この本は、アメリカの労働者階級の苦しい状況と、中西部の社会経済的な問題を鋭く描写しており、ヴァンス自身の生い立ちや家庭環境を通して、現代アメリカの社会問題を浮き彫りにし話題となりました。
家族背景
1984年8月2日、ヴァンスはオハイオ州ミドルタウンで生まれました。彼の本名はジェームズ・デイヴィッド・ヴァンス(James David Vance)ですが、普段はJ・D・ヴァンスと名乗っています。
彼の家族はアパラチア地方からの移住者であり、祖父母はケンタッキー州の貧しい地域からオハイオ州に移り住みました。彼の祖父母は、アパラチア地方出身の労働者階級としての強いアイデンティティを持っており、ヴァンスの幼少期はその影響を強く受けました。
幼少期と家庭環境
ヴァンスの家庭環境は決して安定したものではありませんでした。彼の母親は薬物依存症に苦しみ、家庭内暴力や離婚などの問題が絶えませんでした。

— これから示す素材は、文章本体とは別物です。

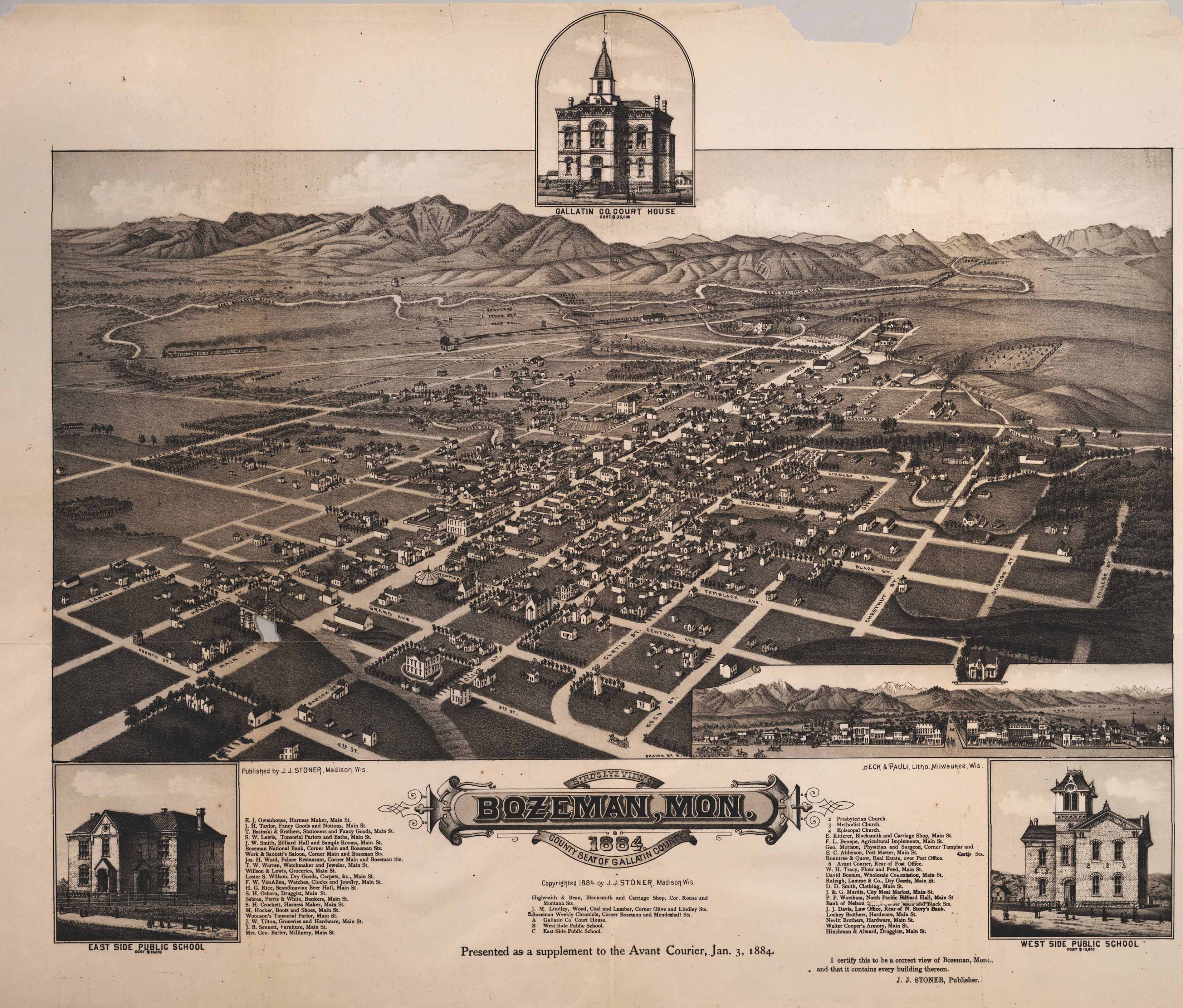 西へ24マイル、ローガン(Logan, MT) は何もない街、そこでノーザンパシフィック鉄道は、オリジナルのヘレナ経由の路線とユニオンパシフィック鉄道と縁の深いビュート経由の路線に分かれる。ヘレナ経由は比較的勾配も緩く、貨物列車に適していていたので、旅客列車の多くはビュートを経由していた。そこからガラティン川(Gallatin River)が開いた平らかな土地を東に行けばボーズマン(Bozeman,MT)、山間の平地、肥沃な土地、この200年の間に開拓されこの地は、農業の地である。そしてさらにベルト山脈(Belt Range 5785fth)をボーズマントンネル(Bozeman Tunnel 5560fth 3015ftl) で越えればイエローストン国立公園(Yellow Stone National Park)への乗換駅リビングストン(Livingstone,MT)に着く。

彼の幼少期は、度重なる引っ越しや家庭内のいざこざばかりでした。そんな中、彼の祖母はヴァンスにとって大きな心の支えとなり、彼の教育や人格形成に大きな影響を与えました。
海兵隊への入隊と大学への進学
ありえない家庭環境を乗り越えたヴァンスは、ミドルタウンの高校を卒業した後、アメリカ海兵隊に入隊しました。海兵隊では下士官としてイラク戦争に従軍し、その経験が後の人生において大きな影響を与えました。
その後、海兵隊を名誉除隊(honorably discharged)し、オハイオ州立大学に進学しました。オハイオ州立大学では、政治学と哲学を専攻し、優秀な成績で卒業しました。
イェール大学ロースクールへ
オハイオ州立大学卒業後、ヴァンスはイェール大学のロースクールに進学しました。イェール大学では、著名な法学教授エイミー・チャーリーに師事し、彼女の助言を受けながら、法学の知識を深めていきました。イェール大学での経験は、彼のキャリアにおいて非常に重要な転機となり、彼は法曹界での成功を目指すようになりました。

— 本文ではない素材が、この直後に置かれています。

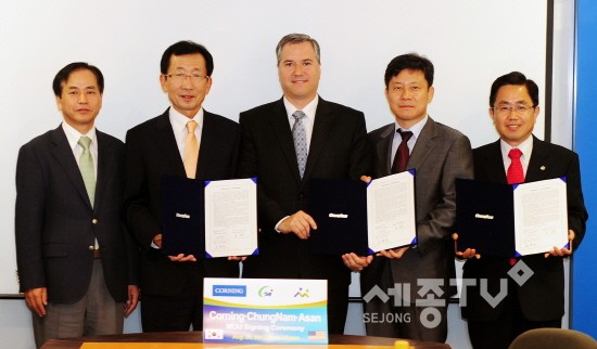 이날 서울 코닝사 사무실에서 열린 협약식에는 권희태 충남부지사와 앤드류 필슨(Andrew M. Filson) 코닝 부사장, 송윤구 SCG사장, 강병국 아산시 부시장 등이 참석했다.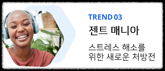 - 젠트 매니아: 스트레스와 불안으로부터 벗어나기 위한 수단이 급증한다. 젠Z와 밀레니얼 세대를 주도하여 이들은 셀프케어와 대체 치료(대마초 등)를 통해 평온함을 찾는다. 브랜드들은 젠투지아스트들을 위한 제품과 서비스를 개발하고, 온라인 건강 전문가들과 협력하여 새로운 고객층을 확보해야 한다.

**アメリカ海兵隊の下士官で除隊後にイェールのロースクールへ行けるなんて、ヴァンスさんは相当あたまの良い人なのでしょう。
著書『ヒルビリー・エレジー』
2016年にヴァンスは著書『ヒルビリー・エレジー』を出版しました。この本はヴァンスの名を一躍有名にしました。
彼の家族史と、彼自身の体験を通してアメリカの中西部の労働者階級の現実を描いたものであり、社会経済的な問題を深く掘り下げています。ヴァンスは、アパラチア地方の伝統的な価値観と、現代アメリカの急激な社会変化との間で葛藤する家庭環境を描き出し、多くの読者の共感を呼びました。

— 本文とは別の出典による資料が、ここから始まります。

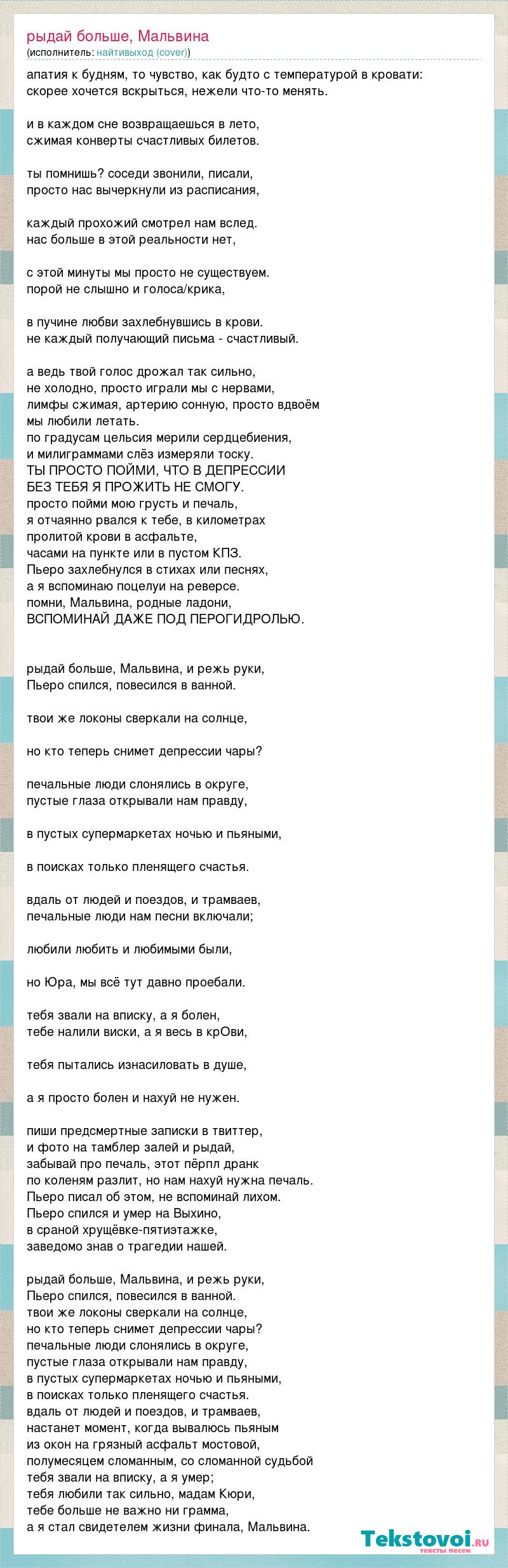 апатия к будням, то чувство, как будто с температурой в кровати: скорее хочется вскрыться, нежели что-то менять. и в каждом сне возвращаешься в лето, сжимая конверты счастливых билетов. ты помнишь? соседи звонили, писали, просто нас вычеркнули из расписания, каждый прохожий смотрел нам вслед. нас больше в этой реальности нет, с этой минуты мы просто не существуем. порой не слышно и голоса/крика, в пучине любви захлебнувшись в крови. не каждый получающий письма - счастливый. а ведь твой голос дрожал так сильно, не холодно, просто играли мы с нервами, лимфы сжимая, артерию сонную, просто вдвоём мы любили летать. по градусам цельсия мерили сердцебиения, и милиграммами слёз измеряли тоску. ТЫ ПРОСТО ПОЙМИ, ЧТО В ДЕПРЕССИИ БЕЗ ТЕБЯ Я ПРОЖИТЬ НЕ СМОГУ. просто пойми мою грусть и печаль, я отчаянно рвался к тебе, в километрах пролитой крови в асфальте, часами на пункте или в пустом КПЗ. Пьеро захлебнулся в стихах или песнях, а я вспоминаю поцелуи на реверсе. помни, Мальвина, родные ладони, ВСПОМИНАЙ ДАЖЕ ПОД ПЕРОГИДРОЛЬЮ. рыдай больше, Мальвина, и режь руки, Пьеро спился, повесился в ванной. твои же локоны сверкали на солнце, но кто теперь снимет депрессии чары? печальные люди слонялись в округе, пустые глаза открывали нам правду, в пустых супермаркетах ночью и пьяными, в поисках только пленящего счастья. вдаль от людей и поездов, и трамваев, печальные люди нам песни включали; любили любить и любимыми были, но Юра, мы всё тут давно проебали. тебя звали на вписку, а я болен, тебе налили виски, а я весь в крОви, тебя пытались изнасиловать в душе, а я просто болен и нахуй не нужен. пиши предсмертные записки в твиттер, и фото на тамблер залей и рыдай, забывай про печаль, этот пёрпл дранк по коленям разлит, но нам нахуй нужна печаль. Пьеро писал об этом, не вспоминай лихом. Пьеро спился и умер на Выхино, в сраной хрущёвке-пятиэтажке, заведомо знав о трагедии нашей. рыдай больше, Мальвина, и режь руки, Пьеро спился, повесился в ванной. твои же локоны сверкали на солнце, но кто теперь снимет депрессии чары? печальные люди слонялись в округе, пустые глаза открывали нам правду, в пустых супермаркетах ночью и пьяными, в поисках только пленящего счастья. вдаль от людей и поездов, и трамваев, настанет момент, когда вывалюсь пьяным из окон на грязный асфальт мостовой, полумесяцем сломанным, со сломанной судьбой тебя звали на вписку, а я умер; тебя любили так сильно, мадам Кюри, тебе больше не важно ни грамма, а я стал свидетелем жизни финала, Мальвина.

The Economist誌では、2016年に出版されたアメリカに関する本の中で最も重要な一冊として注目しています。
政治キャリアの始まり
ヴァンスは、著書の成功を受けて、政治の世界にも足を踏み入れることになりました。2021年、彼はオハイオ州の共和党からアメリカ合衆国上院議員選挙に出馬することを表明しました。
彼の政治活動は、労働者階級の支援や中西部地域の経済復興を主な柱としており、伝統的な保守的価値観を強調しています。また、彼は家族の重要性や、地域社会の再生を強く訴えています。
メディアでの影響力と発言
J・D・ヴァンスは、書籍や政治活動を通じてメディアでの影響力を持っています。彼はニュース番組やトークショーに度々出演し、社会問題や政治についての見解を述べています。また、SNSでも積極的に発信を行っており、多くのフォロワーとコミュニケーションを取っています。
J・D・ヴァンスのツイッターアカウント
https://twitter.com/JDVance1
映画『ヒルビリー・エレジー』
J・D・ヴァンスのベストセラー『ヒルビリー・エレジー』は、2020年に映画化されました。監督はロン・ハワードで、エイミー・アダムスやグレン・クローズといった著名な俳優が出演しています。この映画は、ヴァンスの幼少期から成長過程を描き、家族の絆や困難を乗り越える力をテーマにしています。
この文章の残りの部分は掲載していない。